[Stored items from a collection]
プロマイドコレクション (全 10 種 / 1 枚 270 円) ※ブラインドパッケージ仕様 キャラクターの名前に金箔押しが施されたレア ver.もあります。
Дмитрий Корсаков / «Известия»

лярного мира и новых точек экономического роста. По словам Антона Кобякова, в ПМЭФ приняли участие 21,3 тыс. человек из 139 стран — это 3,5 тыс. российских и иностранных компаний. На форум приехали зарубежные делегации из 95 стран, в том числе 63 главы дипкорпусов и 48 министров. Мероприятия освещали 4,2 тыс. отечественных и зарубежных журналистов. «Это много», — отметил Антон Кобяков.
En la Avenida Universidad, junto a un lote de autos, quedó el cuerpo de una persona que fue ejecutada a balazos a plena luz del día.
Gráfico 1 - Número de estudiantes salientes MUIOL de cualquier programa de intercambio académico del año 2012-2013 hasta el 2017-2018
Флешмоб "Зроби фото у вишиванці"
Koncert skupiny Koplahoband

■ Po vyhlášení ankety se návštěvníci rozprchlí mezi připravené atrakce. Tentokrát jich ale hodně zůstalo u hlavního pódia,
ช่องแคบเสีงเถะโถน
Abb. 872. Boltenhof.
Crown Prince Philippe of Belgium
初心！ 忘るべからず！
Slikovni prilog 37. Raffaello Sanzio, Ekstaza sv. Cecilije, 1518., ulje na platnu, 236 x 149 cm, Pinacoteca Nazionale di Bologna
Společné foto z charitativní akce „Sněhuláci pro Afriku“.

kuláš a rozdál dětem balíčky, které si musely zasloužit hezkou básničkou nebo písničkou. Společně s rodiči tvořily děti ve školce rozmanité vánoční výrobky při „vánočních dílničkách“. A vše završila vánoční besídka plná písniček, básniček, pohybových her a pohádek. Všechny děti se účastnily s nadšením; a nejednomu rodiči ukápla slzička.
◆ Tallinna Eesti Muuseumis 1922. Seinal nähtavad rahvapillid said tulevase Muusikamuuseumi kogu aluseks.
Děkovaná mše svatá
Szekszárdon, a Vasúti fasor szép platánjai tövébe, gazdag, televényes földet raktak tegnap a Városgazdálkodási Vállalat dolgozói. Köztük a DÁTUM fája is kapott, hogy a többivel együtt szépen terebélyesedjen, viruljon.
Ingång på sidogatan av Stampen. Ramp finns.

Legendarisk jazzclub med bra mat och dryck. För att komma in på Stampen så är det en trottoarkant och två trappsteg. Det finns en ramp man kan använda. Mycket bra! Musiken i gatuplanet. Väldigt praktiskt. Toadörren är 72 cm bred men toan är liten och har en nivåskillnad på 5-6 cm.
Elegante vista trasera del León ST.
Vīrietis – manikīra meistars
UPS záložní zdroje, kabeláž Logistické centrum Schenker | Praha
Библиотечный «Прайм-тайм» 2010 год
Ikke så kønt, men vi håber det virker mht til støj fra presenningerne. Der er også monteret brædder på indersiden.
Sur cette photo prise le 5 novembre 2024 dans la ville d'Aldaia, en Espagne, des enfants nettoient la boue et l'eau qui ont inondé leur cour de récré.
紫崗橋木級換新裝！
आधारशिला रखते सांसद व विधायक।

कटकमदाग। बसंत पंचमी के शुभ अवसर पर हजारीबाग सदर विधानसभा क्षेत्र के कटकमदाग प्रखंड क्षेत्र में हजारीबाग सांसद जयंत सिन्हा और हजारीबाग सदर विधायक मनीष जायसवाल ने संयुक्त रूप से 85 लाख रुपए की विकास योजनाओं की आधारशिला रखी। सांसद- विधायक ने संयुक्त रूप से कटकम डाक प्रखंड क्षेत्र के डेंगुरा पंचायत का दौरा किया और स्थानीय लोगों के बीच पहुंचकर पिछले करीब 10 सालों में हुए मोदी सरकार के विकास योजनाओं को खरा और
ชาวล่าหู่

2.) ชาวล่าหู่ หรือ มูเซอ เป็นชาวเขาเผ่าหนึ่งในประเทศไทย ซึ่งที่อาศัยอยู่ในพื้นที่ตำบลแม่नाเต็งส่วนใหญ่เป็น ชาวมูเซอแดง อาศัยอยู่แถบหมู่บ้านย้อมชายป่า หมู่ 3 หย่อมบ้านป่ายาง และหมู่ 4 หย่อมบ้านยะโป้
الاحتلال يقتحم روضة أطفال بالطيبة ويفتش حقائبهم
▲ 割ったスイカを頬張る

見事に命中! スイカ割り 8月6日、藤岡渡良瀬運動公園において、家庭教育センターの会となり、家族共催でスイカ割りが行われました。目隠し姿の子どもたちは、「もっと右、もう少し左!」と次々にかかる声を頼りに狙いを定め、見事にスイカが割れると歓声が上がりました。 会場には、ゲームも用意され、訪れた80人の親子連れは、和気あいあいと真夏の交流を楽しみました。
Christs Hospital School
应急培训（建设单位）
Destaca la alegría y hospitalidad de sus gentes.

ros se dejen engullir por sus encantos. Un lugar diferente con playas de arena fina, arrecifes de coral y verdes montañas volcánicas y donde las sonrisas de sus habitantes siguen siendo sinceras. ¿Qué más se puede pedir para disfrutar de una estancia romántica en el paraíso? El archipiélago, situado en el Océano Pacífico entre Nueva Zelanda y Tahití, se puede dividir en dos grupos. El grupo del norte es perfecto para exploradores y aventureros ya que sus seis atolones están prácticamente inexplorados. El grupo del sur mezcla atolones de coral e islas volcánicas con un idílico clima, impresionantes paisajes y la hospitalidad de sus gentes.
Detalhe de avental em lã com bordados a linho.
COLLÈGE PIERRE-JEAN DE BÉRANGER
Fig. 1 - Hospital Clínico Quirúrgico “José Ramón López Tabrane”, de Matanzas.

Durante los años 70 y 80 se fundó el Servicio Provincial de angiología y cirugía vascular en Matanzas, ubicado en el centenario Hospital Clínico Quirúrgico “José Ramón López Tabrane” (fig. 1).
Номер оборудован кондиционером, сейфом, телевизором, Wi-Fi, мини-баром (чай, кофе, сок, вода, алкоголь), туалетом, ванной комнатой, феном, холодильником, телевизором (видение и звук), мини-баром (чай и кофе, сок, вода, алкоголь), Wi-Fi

* **REQUIREMENT**: The expected result is every line above containing the string "finns".

* **OUTPUT**:
Ingång på sidogatan av Stampen. Ramp finns.
Legendarisk jazzclub med bra mat och dryck. För att komma in på Stampen så är det en trottoarkant och två trappsteg. Det finns en ramp man kan använda. Mycket bra! Musiken i gatuplanet. Väldigt praktiskt. Toadörren är 72 cm bred men toan är liten och har en nivåskillnad på 5-6 cm.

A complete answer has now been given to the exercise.